▶ _EXERCISE INSTRUCTIONS_:
Once the images are removed, repeat all of the entries exactly.

▶ _RECORDS FOR THE EXERCISE_:
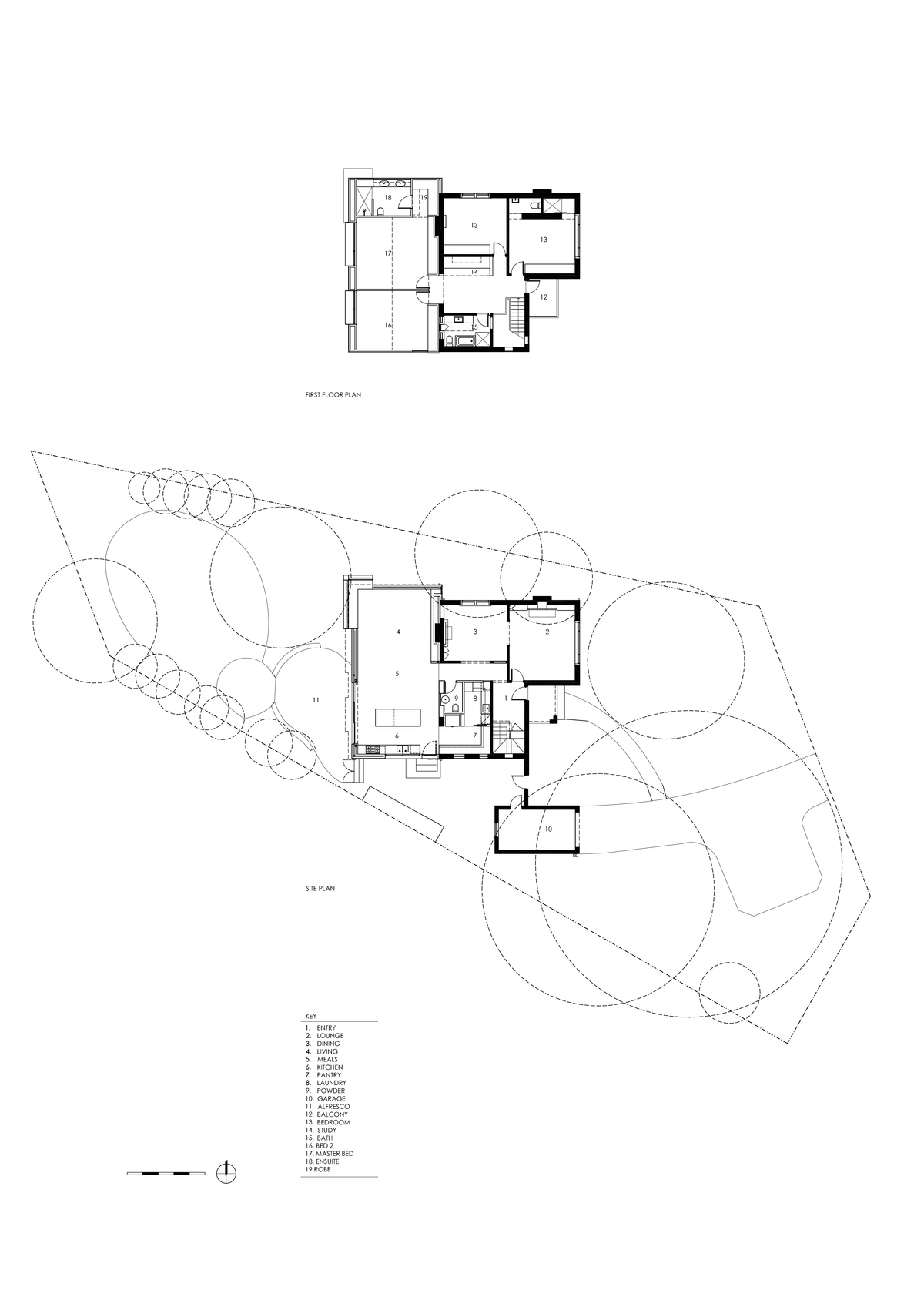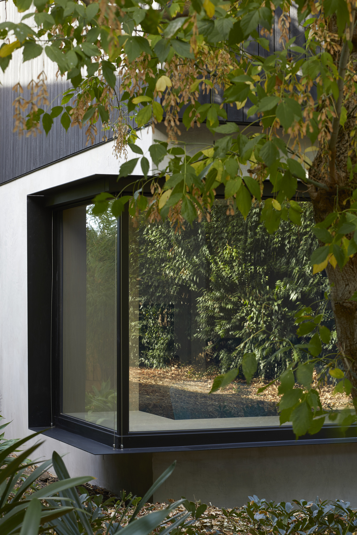 Similarly the first floor was reconfigured to afford private views into tree canopies and tall hedges from the bedrooms.
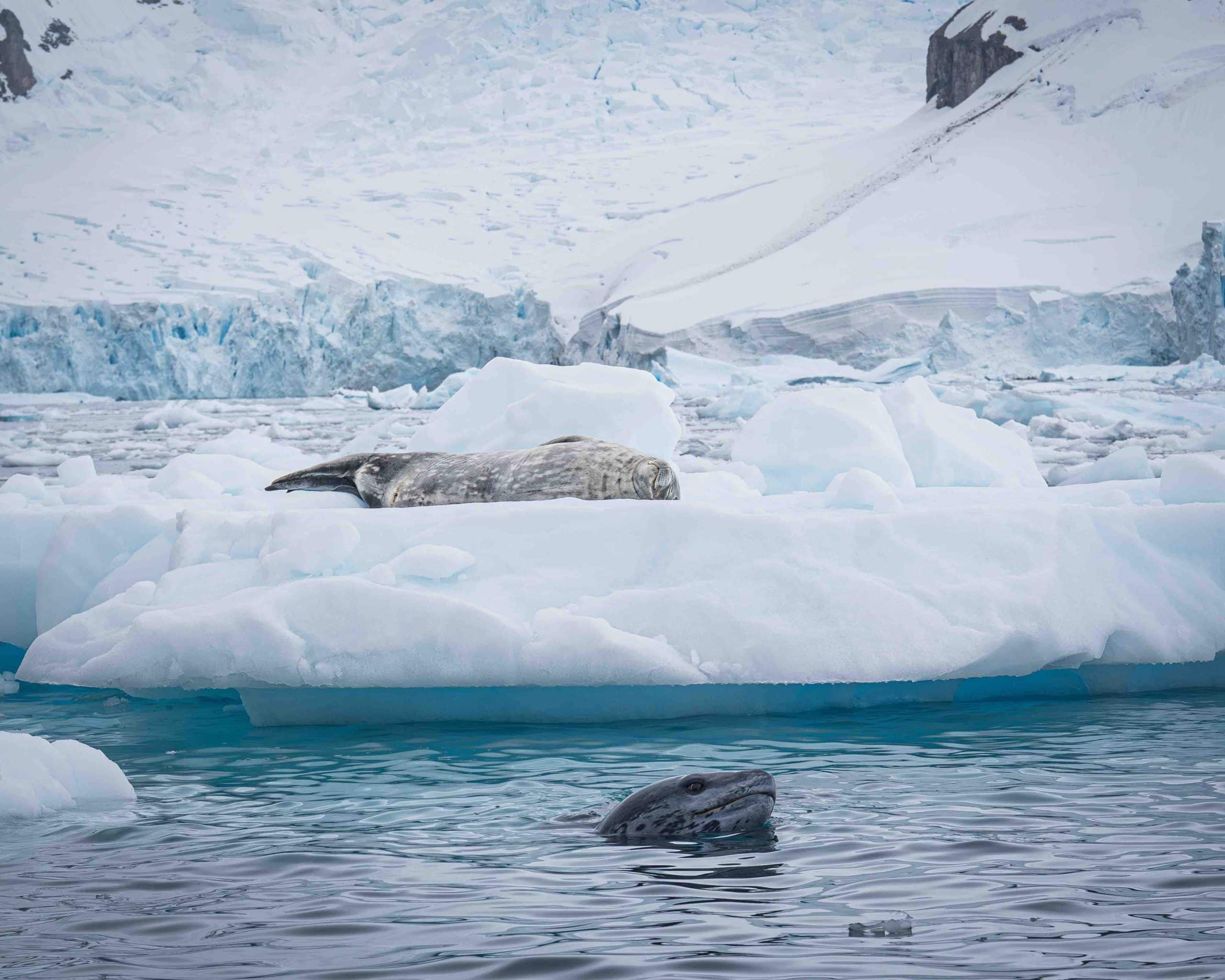 Hải cẩu Weddell nằm ngủ trong khi hải cẩu báo đang rình rập bên dưới các tảng băng
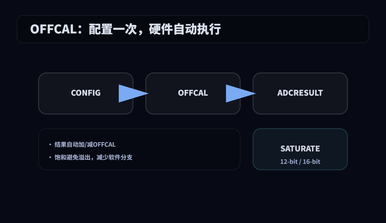 PPB 的价值之一是把常见后处理固化为“寄存器配置 + 硬件自动执行”。例如偏移校正场景: 将 PPB 配置到所需 SOC(采样触发),并把偏移校正值写入OFFCAL寄存器后,PPB会自动对原始结果加/减OFFCAL并写入结果寄存器。 在12 位/16位模式下,还会对结果进行饱和处理(分别限制到 0~4095 或 0~65535)。
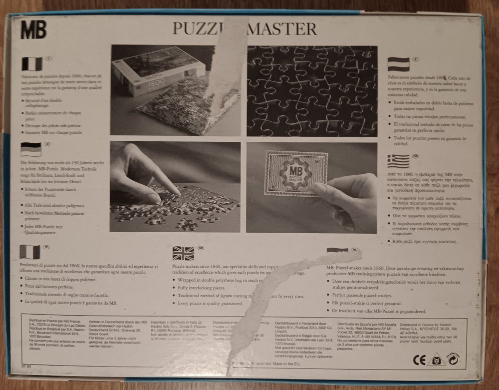 The puzzle is COMPLETE, as you can see in the image of the assembled puzzle. The pieces are in excellent condition. The box is in very good condition, although there are tape tears on the back of the base, as the photographs show.
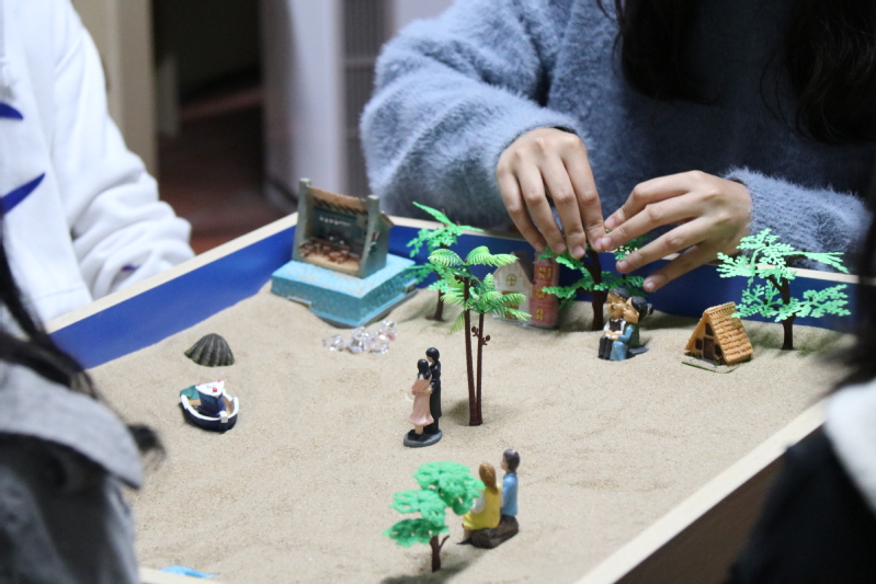 本期讲座以“团体沙盘”为主题,医学院辅导员谢婷玉应邀参加,为本科班级心理委员提供指导和培训。首先,谢老师为在场心理委员介绍了沙盘游戏的理论基础、相关规则及注意事项,并带领大家进行了团体沙盘的体验。心理委员们将理论知识和自身实践经验相结合,大家一起摸索,利用沙子、沙具等工具,体验沙盘游戏疗法的神奇。随后,大家分享了制作过程的感受,对摆放的沙盘游戏作品进行心理学方面的探索与研究。
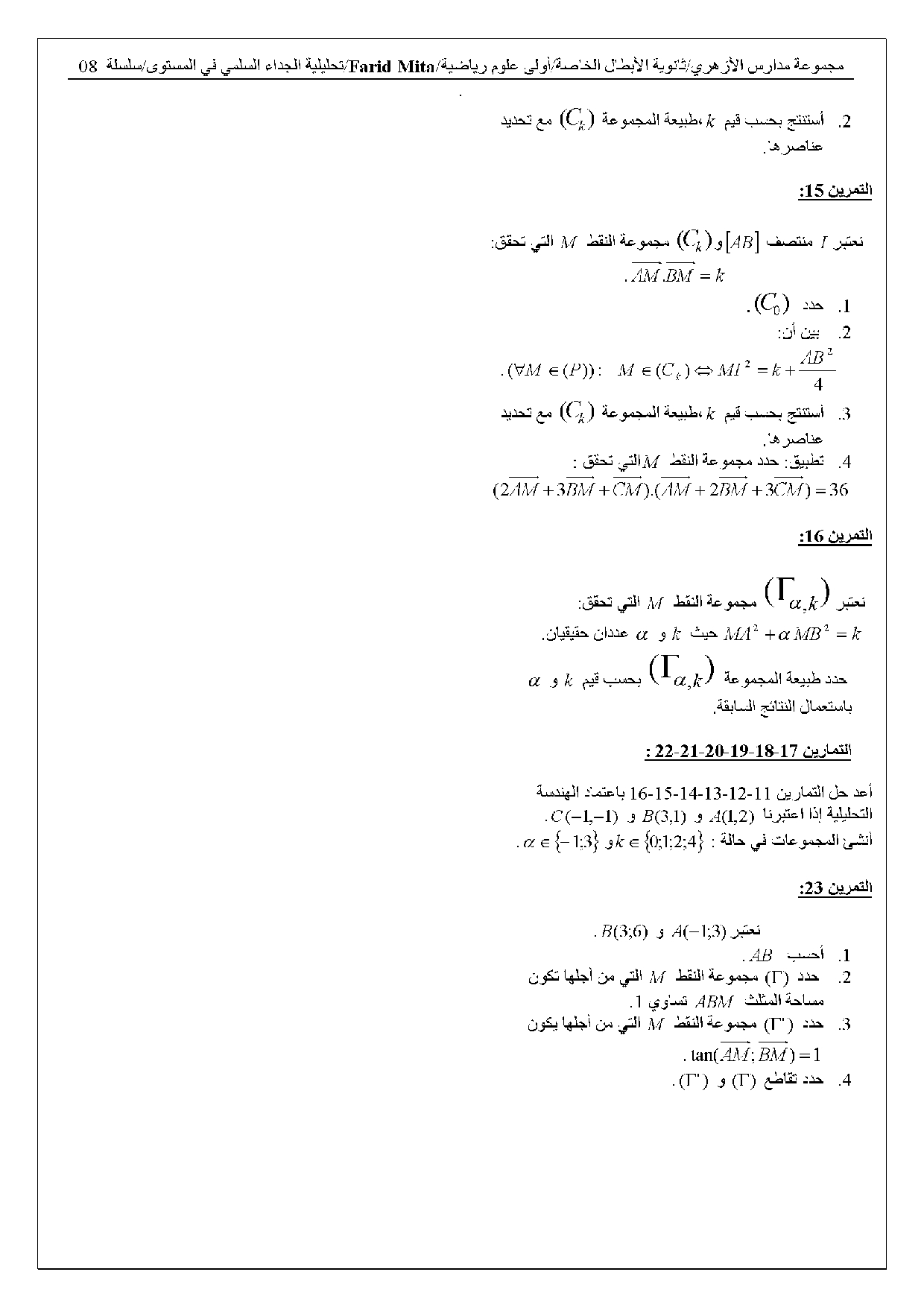 تحليلية الجداء السلمي وتطبيقاته - تمارين غير محلولة 2
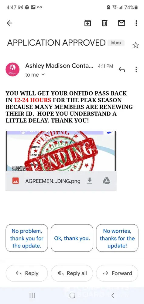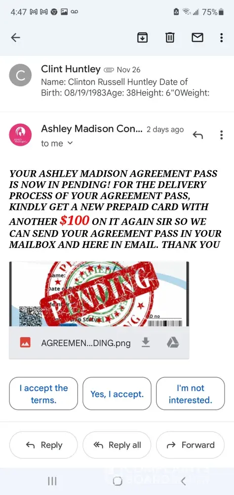 Yes my name is Clinton and I have been in touch with a member and I have paid $100 at first. Then I got an email saying I was approved but I needed to send another $100 for delivery. I was told by the member that if I was to send the other $100 we would be able to meet. I paid $200 cause she stated she needed a extra $100 for a backup payment. I received another email saying that it's peak season and my id will be delivered in 12 to 24 hrs. I believe this is a scam. The female members name is Iva Allen age 23. Hopefully I am wrong.
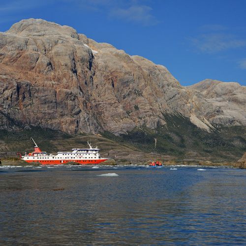 09:30 hrs. Visita al Glaciar Alsina, desembarco en nuestros botes de exploración para recorrer esta pequeña bahía y su vistoso glaciar apreciando toda su belleza y sus enormes montañas que lo rodean.

▶ _SOLUTION BELOW_:
 Similarly the first floor was reconfigured to afford private views into tree canopies and tall hedges from the bedrooms.
 Hải cẩu Weddell nằm ngủ trong khi hải cẩu báo đang rình rập bên dưới các tảng băng
 PPB 的价值之一是把常见后处理固化为“寄存器配置 + 硬件自动执行”。例如偏移校正场景: 将 PPB 配置到所需 SOC(采样触发),并把偏移校正值写入OFFCAL寄存器后,PPB会自动对原始结果加/减OFFCAL并写入结果寄存器。 在12 位/16位模式下,还会对结果进行饱和处理(分别限制到 0~4095 或 0~65535)。
 The puzzle is COMPLETE, as you can see in the image of the assembled puzzle. The pieces are in excellent condition. The box is in very good condition, although there are tape tears on the back of the base, as the photographs show.
 本期讲座以“团体沙盘”为主题,医学院辅导员谢婷玉应邀参加,为本科班级心理委员提供指导和培训。首先,谢老师为在场心理委员介绍了沙盘游戏的理论基础、相关规则及注意事项,并带领大家进行了团体沙盘的体验。心理委员们将理论知识和自身实践经验相结合,大家一起摸索,利用沙子、沙具等工具,体验沙盘游戏疗法的神奇。随后,大家分享了制作过程的感受,对摆放的沙盘游戏作品进行心理学方面的探索与研究。
 تحليلية الجداء السلمي وتطبيقاته - تمارين غير محلولة 2
 Yes my name is Clinton and I have been in touch with a member and I have paid $100 at first. Then I got an email saying I was approved but I needed to send another $100 for delivery. I was told by the member that if I was to send the other $100 we would be able to meet. I paid $200 cause she stated she needed a extra $100 for a backup payment. I received another email saying that it's peak season and my id will be delivered in 12 to 24 hrs. I believe this is a scam. The female members name is Iva Allen age 23. Hopefully I am wrong.
 09:30 hrs. Visita al Glaciar Alsina, desembarco en nuestros botes de exploración para recorrer esta pequeña bahía y su vistoso glaciar apreciando toda su belleza y sus enormes montañas que lo rodean.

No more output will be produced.